───── DATA FOR THIS EXERCISE ─────
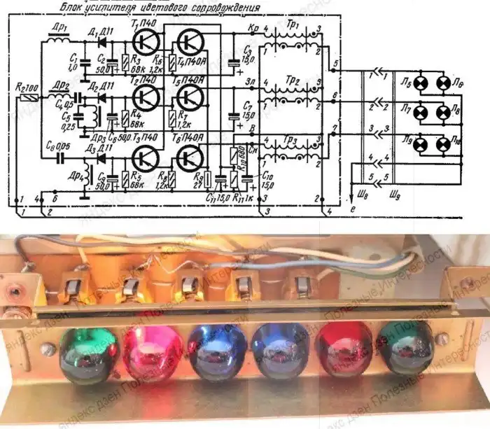 Все было прекрасно, кроме размера экрана-уж больно он маленький. Так же выпускалась радиола модели "Бирюза", где экраном служила крышка проигрывателя, но этого все равно было мало. Для подключения дополнительных лампочек нужны были более мощные транзисторы. Советская промышленность выпускала мощные транзисторы П4, но достать их радиолюбителям было очень сложно
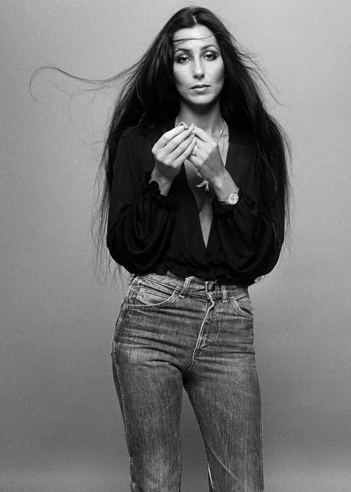 Jeans, blusa nera, i lunghi capelli ad incorniciarle la figura. Questa immagine del 1975 di Norman Seef commetata dalla stessa star: "In quel periodo indossavo solo i 501. E' quello che mia madre e mia nonna indossavano, e quello che ho messo ai miei figli". Al polso ha un Rolex di diamanti regalo dell'allora fidanzato David Geffen, la collana di Edward Merrifield raffigura la dea egizia Iside.
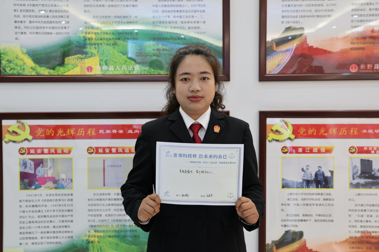 青春逢盛世,奋斗践初心。作为法院青年政工干警,我们虽不持法槌、不著法袍,却以“润物无声”的坚守,筑牢队伍的政治忠诚。政工工作事无巨细,我将始终心怀法治信仰,初心如磐、步履不停,立足政工岗位,坚守公平正义,以奋斗诠释担当,用实干书写韶华,不负组织信任、不负岗位职责、不负青春韶华,让青春在法徽照耀下砥砺奋进、绽放光彩,在新时代法院政工事业中书写无悔青春答卷。
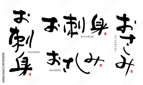 Naklejka premium おさしみ お刺身 筆文字 デザイン書 料理シリーズ
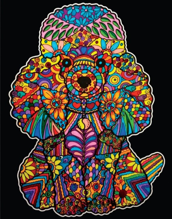Wypukłe linie ułatwiają nie wychodzenie za linie, a na głębokiej matowej czerni nie widać drobnych potknięć przy kolorowaniu. Welwet nałożony jest na papier przyklejony do sztywnej tektury, dzięki czemu obraz nie wymaga ramki jeśli zdecydujemy się go powiesić na ścianie.
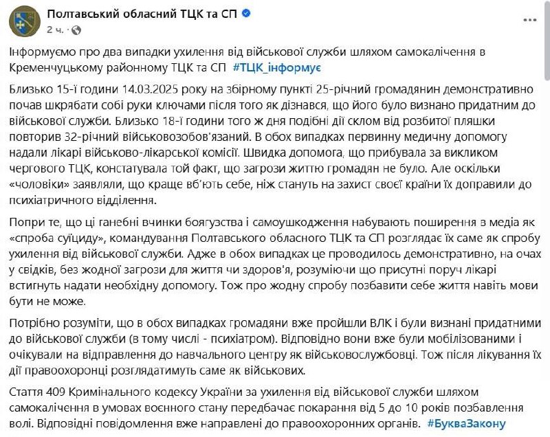 "Ганебні вчинки боягузливості та самоушкодження набувають поширення в медіа як "спроба суїциду", командування Полтавського обласного ТЦК та СП розглядає їх як спробу ухилення від військової служби", - пише ТЦК.
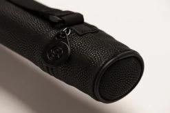 Mit diesem Köcher ist Ihr Billard-Queue immer sicher. Einfacher und gut verarbeiteter Köcher mit schönem genopptem Kunstleder als Obermaterial für ein zweigeteiltes Queue. Mit einem Tragegriff und zwei sicheren Metallverschlüssen.
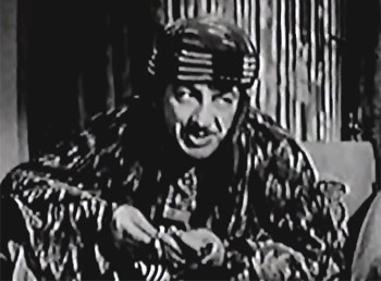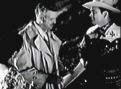 Hugh Prosser is good as the concerned and intelligent police captain, while Ted Mapes is likable in his periodical appearances as easygoing rancher Tex Collier. The lovably disreputable Emmett Lynn is very funny as a scraggly and garrulous carnival barker, Ted Adams gets to be colorfully shifty in a small but pivotal role as Prince Amil’s treacherous vizier, and Frank Merlo is stoically sinister as one of Amil’s faithful servants. Rusty Wescoatt gets to play a good guy for once (a tough blacksmith), while Kermit Maynard appears as a policeman. An unidentified actor does an energetic character turn as Sid, the irritable director of the movie-within-a-movie that Greg Saunders is shooting throughout the serial. In a previous version of this review I identified this actor as director Wallace Fox himself, following the Internet Movie Database’s crediting; however, I have since determined that the IMDB is wrong and that the “director” of Saunders’ movie is not Fox, leaving the actual actor’s identity a riddle to me.
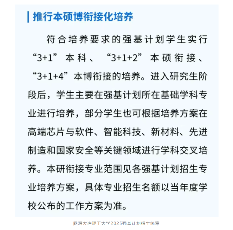 如大连理工大学,强基计划分别制定“3+1”本科、“3+1+2”本硕衔接、“3+1+4”本博衔接的培养方案,考生可以根据自己的规划选择直接毕业、还是本硕连读、或者本博连读。
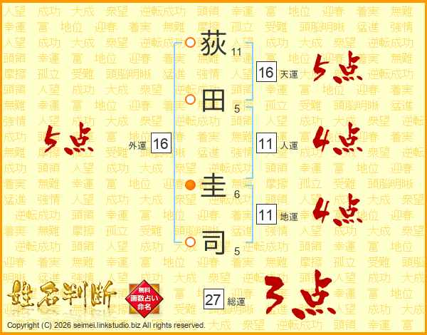 荻(11画)田(5画) 圭(6画)司(5画)
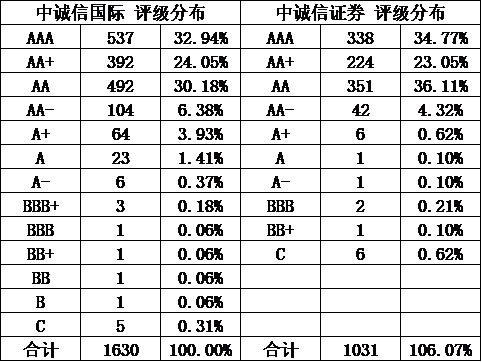 中誠信作為我國最早一批評級機構,發展較好,客戶普遍優質,因此高評級占比高可以理解。
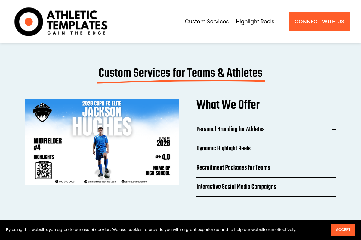 Athletic Templates provides a DIY-focused approach to athlete branding, offering high-quality, customizable graphics and website templates. Their resources are designed to help athletes and teams save time while still maintaining a professional aesthetic in their marketing. They bridge the gap between expensive custom development and generic profile pages. It is perfect for the resourceful athlete who wants control over the design process.
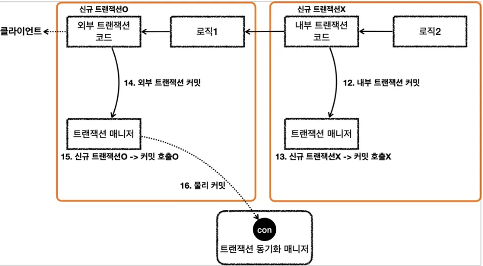 로직2가 끝나고 txManager를 통해 내부 트랜잭션 커밋 (실제 커넥션을 커밋하진 않음)
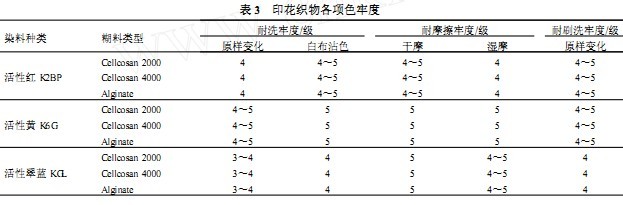 3種活性染料印花織物的各項(xiàng)色牢度如表3所示,結(jié)果表明用高取代CMC糊料印花的色牢度與海藻酸鈉糊料的色牢度基本一致,均達(dá)到了國家標(biāo)準(zhǔn)。
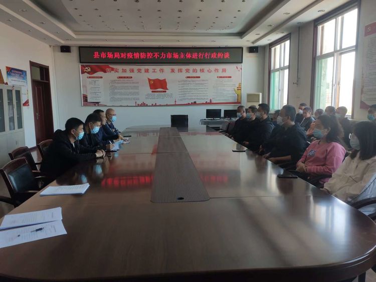 2022年5月1日,长子县市场局对疫情防控不力的市场主体进行行政约谈,局领导班子成员及相关股所工作人员参加。约谈要求,各市场主体要清醒认识当前疫情防控工作的复杂严峻形势,坚决克服麻痹思想、侥幸心理,进一步提高对疫情防控工作重要性的认识,按要求落实落细疫情防控各项措施。
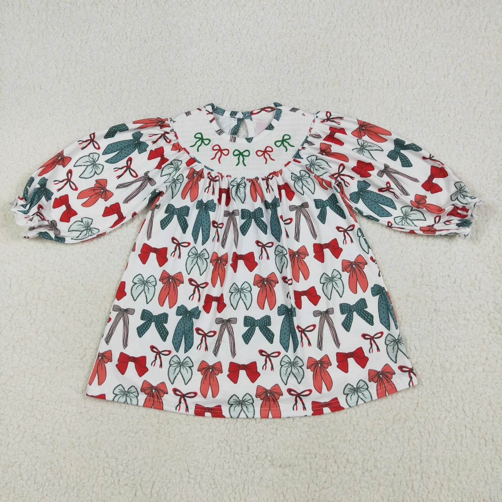 Sibling Baby Girls Green Red Bows Christmas Knee Length Dresses C9.2
─────
● WORK INSTRUCTION
Each record is to be restated word for word; no picture goes in.

● ANSWER TO THE PROBLEM
 Все было прекрасно, кроме размера экрана-уж больно он маленький. Так же выпускалась радиола модели "Бирюза", где экраном служила крышка проигрывателя, но этого все равно было мало. Для подключения дополнительных лампочек нужны были более мощные транзисторы. Советская промышленность выпускала мощные транзисторы П4, но достать их радиолюбителям было очень сложно
 Jeans, blusa nera, i lunghi capelli ad incorniciarle la figura. Questa immagine del 1975 di Norman Seef commetata dalla stessa star: "In quel periodo indossavo solo i 501. E' quello che mia madre e mia nonna indossavano, e quello che ho messo ai miei figli". Al polso ha un Rolex di diamanti regalo dell'allora fidanzato David Geffen, la collana di Edward Merrifield raffigura la dea egizia Iside.
 青春逢盛世,奋斗践初心。作为法院青年政工干警,我们虽不持法槌、不著法袍,却以“润物无声”的坚守,筑牢队伍的政治忠诚。政工工作事无巨细,我将始终心怀法治信仰,初心如磐、步履不停,立足政工岗位,坚守公平正义,以奋斗诠释担当,用实干书写韶华,不负组织信任、不负岗位职责、不负青春韶华,让青春在法徽照耀下砥砺奋进、绽放光彩,在新时代法院政工事业中书写无悔青春答卷。
 Naklejka premium おさしみ お刺身 筆文字 デザイン書 料理シリーズ
Wypukłe linie ułatwiają nie wychodzenie za linie, a na głębokiej matowej czerni nie widać drobnych potknięć przy kolorowaniu. Welwet nałożony jest na papier przyklejony do sztywnej tektury, dzięki czemu obraz nie wymaga ramki jeśli zdecydujemy się go powiesić na ścianie.
 "Ганебні вчинки боягузливості та самоушкодження набувають поширення в медіа як "спроба суїциду", командування Полтавського обласного ТЦК та СП розглядає їх як спробу ухилення від військової служби", - пише ТЦК.
 Mit diesem Köcher ist Ihr Billard-Queue immer sicher. Einfacher und gut verarbeiteter Köcher mit schönem genopptem Kunstleder als Obermaterial für ein zweigeteiltes Queue. Mit einem Tragegriff und zwei sicheren Metallverschlüssen.
 Hugh Prosser is good as the concerned and intelligent police captain, while Ted Mapes is likable in his periodical appearances as easygoing rancher Tex Collier. The lovably disreputable Emmett Lynn is very funny as a scraggly and garrulous carnival barker, Ted Adams gets to be colorfully shifty in a small but pivotal role as Prince Amil’s treacherous vizier, and Frank Merlo is stoically sinister as one of Amil’s faithful servants. Rusty Wescoatt gets to play a good guy for once (a tough blacksmith), while Kermit Maynard appears as a policeman. An unidentified actor does an energetic character turn as Sid, the irritable director of the movie-within-a-movie that Greg Saunders is shooting throughout the serial. In a previous version of this review I identified this actor as director Wallace Fox himself, following the Internet Movie Database’s crediting; however, I have since determined that the IMDB is wrong and that the “director” of Saunders’ movie is not Fox, leaving the actual actor’s identity a riddle to me.
 如大连理工大学,强基计划分别制定“3+1”本科、“3+1+2”本硕衔接、“3+1+4”本博衔接的培养方案,考生可以根据自己的规划选择直接毕业、还是本硕连读、或者本博连读。
 荻(11画)田(5画) 圭(6画)司(5画)
 中誠信作為我國最早一批評級機構,發展較好,客戶普遍優質,因此高評級占比高可以理解。
 Athletic Templates provides a DIY-focused approach to athlete branding, offering high-quality, customizable graphics and website templates. Their resources are designed to help athletes and teams save time while still maintaining a professional aesthetic in their marketing. They bridge the gap between expensive custom development and generic profile pages. It is perfect for the resourceful athlete who wants control over the design process.
 로직2가 끝나고 txManager를 통해 내부 트랜잭션 커밋 (실제 커넥션을 커밋하진 않음)
 3種活性染料印花織物的各項(xiàng)色牢度如表3所示,結(jié)果表明用高取代CMC糊料印花的色牢度與海藻酸鈉糊料的色牢度基本一致,均達(dá)到了國家標(biāo)準(zhǔn)。
 2022年5月1日,长子县市场局对疫情防控不力的市场主体进行行政约谈,局领导班子成员及相关股所工作人员参加。约谈要求,各市场主体要清醒认识当前疫情防控工作的复杂严峻形势,坚决克服麻痹思想、侥幸心理,进一步提高对疫情防控工作重要性的认识,按要求落实落细疫情防控各项措施。
 Sibling Baby Girls Green Red Bows Christmas Knee Length Dresses C9.2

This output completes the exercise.